The payroll structure of your telemarketer also affects the bill. For companies that don’t offer commissions to TSRs, you can expect the base hourly charge to be relatively high. Companies that pay commission charge relatively less per hour. Depending on the cost of your product and the base salary of TSRs working on your project, commission charges may range from as little as 1% to as high as 10% of the revenue generated.

 

 

There are many other fees to consider beyond the basic charges. You should expect a setup fee of up to several thousand dollars to launch your campaign, which should cover configuring their software for you, basic script preparation, and initial training. Other costs, such as additional training, programming, and reporting fees, may be covered by your per minute or per hour charges – or may not. Make sure the provider spells out exactly what additional charges you will incur.

 

 

 

 

Contracts, metrics, and SLAs

 

 

A telemarketing contract needs to define more than just the contract term and pricing.
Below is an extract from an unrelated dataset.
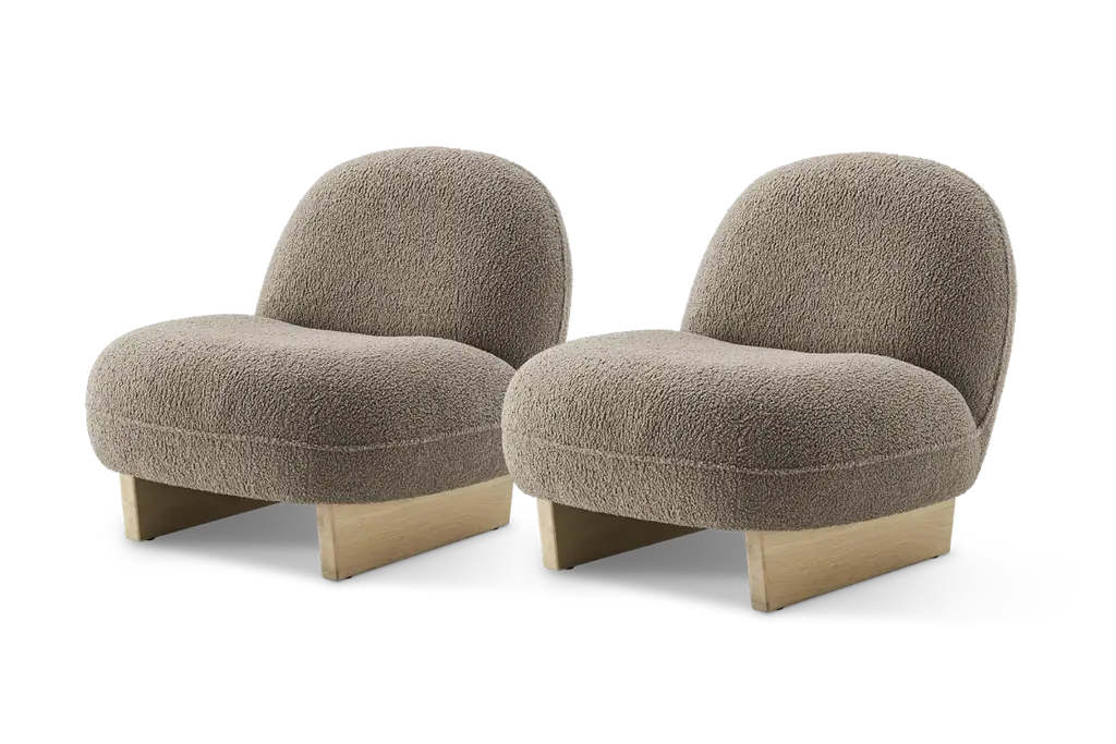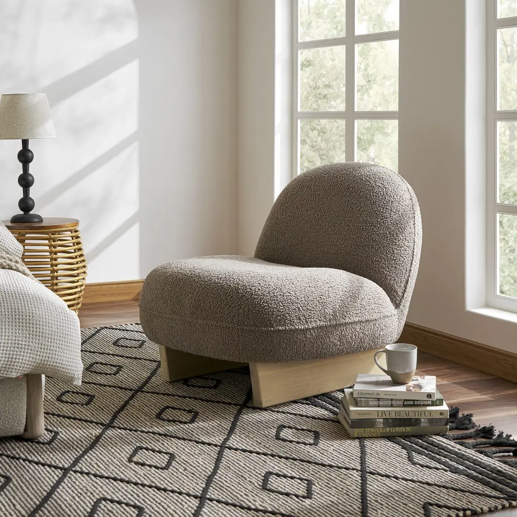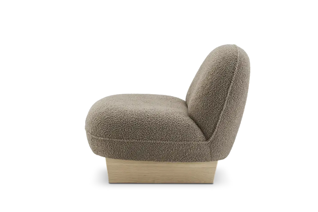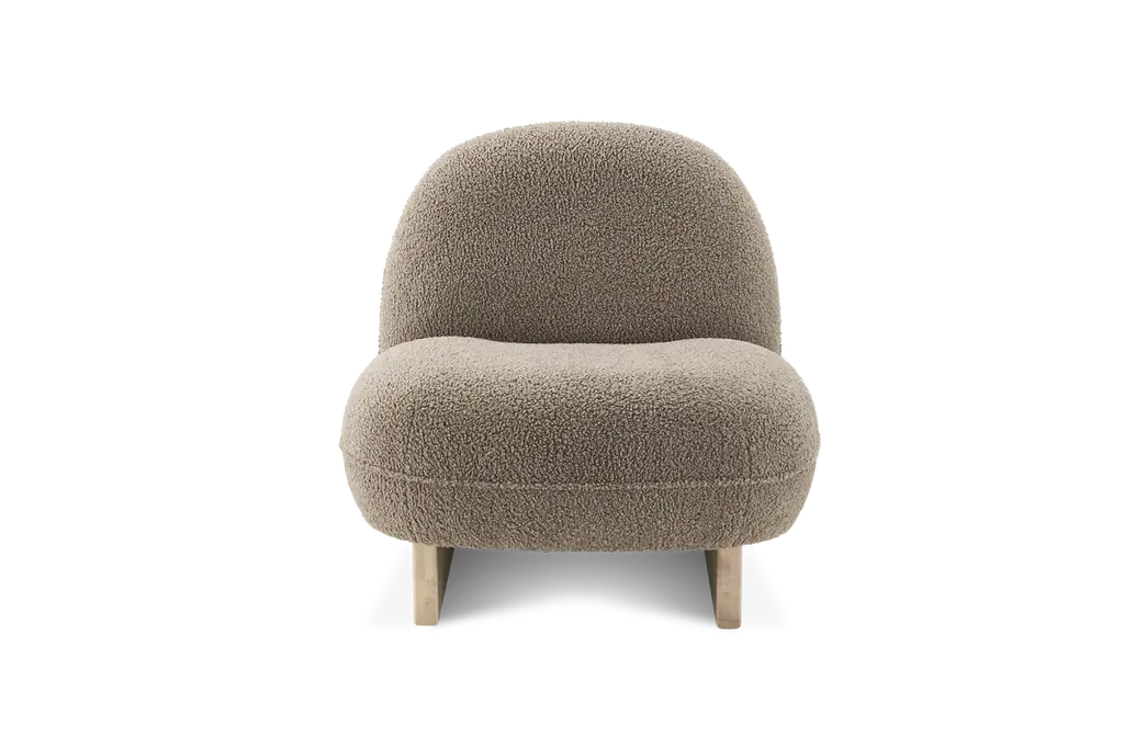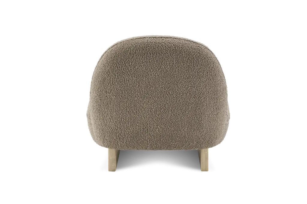 Ingrid is a distinctive piece with a tilted backrest and wooden sled legs. Sit back and unwind on upholstered, cozy sherpa fabric.

It should specify exactly what standards and procedures the call center is expected to follow, how their performance will be measured, and what penalties can be applied if they fall short of the requirements.

 

 

We recommend that you include non‐disclosure clauses in your contract. NDAs make sure the provider doesn’t take the lessons they learn with your business to one of your competitors. This is especially important if your choose a provider who specializes in your industry.

 

 

One typical approach is to define a minimum percentage of successful sales. If you have run similar campaigns in‐ house, you will have good benchmarks to start from; if not, you may have to work with the vendor to refine the goals after the program is launched.

 

 

Other contract options include exclusivity, translation services, secrecy/confidentiality, monitoring rights, and more. When creating contracts of this magnitude, almost anything is negotiable, but remember that you will pay more for special requests.